Entities Identified:
iii. Ego Vehicle (EV): The vehicle attempting the maneuver.
iv. Obstacle: Sandbags near a storm drain.
v. Other Vehicle (OV): Vehicle in the adjacent lane.
Action and Event Identification
i. Extract Actions: Identify verbs or phrases that describe actions (e.g., turning, accelerating) and link them to the correct entities.
ii. Sequence Events: Determine the sequence of events and actions. It's crucial for the scenario's logical flow.
a. Actions:
i. Ego Vehicle: Attempting avoidance maneuver.
ii. Other Vehicle: Present in adjacent lane.
b. Events:
i. Avoidance: Ego Vehicle near collision with Other Vehicle.
Parameter Extraction:
i. Quantify Descriptions: Convert qualitative descriptions into quantitative parameters (e.g., speed in mph or km/h, distances in meters).
ii. Identify Conditions: Extract conditions like weather or lighting and convert them into OpenSCENARIO®-compatible parameters.
Quantified Descriptions:
i. Speeds, distances, and positions would need to be specified but are not given in the narrative.
Identified Conditions:
i. Weather: Post-downpour conditions, potentially wet road surface.

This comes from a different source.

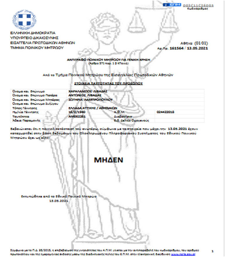 Κύριε εισαγγελέα αμέσως πιο κάτω παραθέτω το πρόσφατο ποινικό μου μητρώο, από όπου προκύπτει ότι, μέχρι και την στιγμή που εκδόθηκε 13-05-2021 έχω ζήσει έντιμη και υπερήφανη ζωή, χωρίς μιζέρια και μικροψυχία!

[060] Obtaining structural transformation of the structured data by adhering to schema of the standard scenario format.
a. Template Mapping: Map the cleaned and structured text data to OpenSCENARIO® elements and attributes. This could involve using templates for common scenario types.
b. XML Generation: Convert the mapped data into XML, adhering to the OpenSCENARIO® schema. This involves creating elements for actions, events, conditions, and so on, according to the schema's structure.
OpenSCENARIO® Elements:
i. Storyboard: Describes the sequence of events.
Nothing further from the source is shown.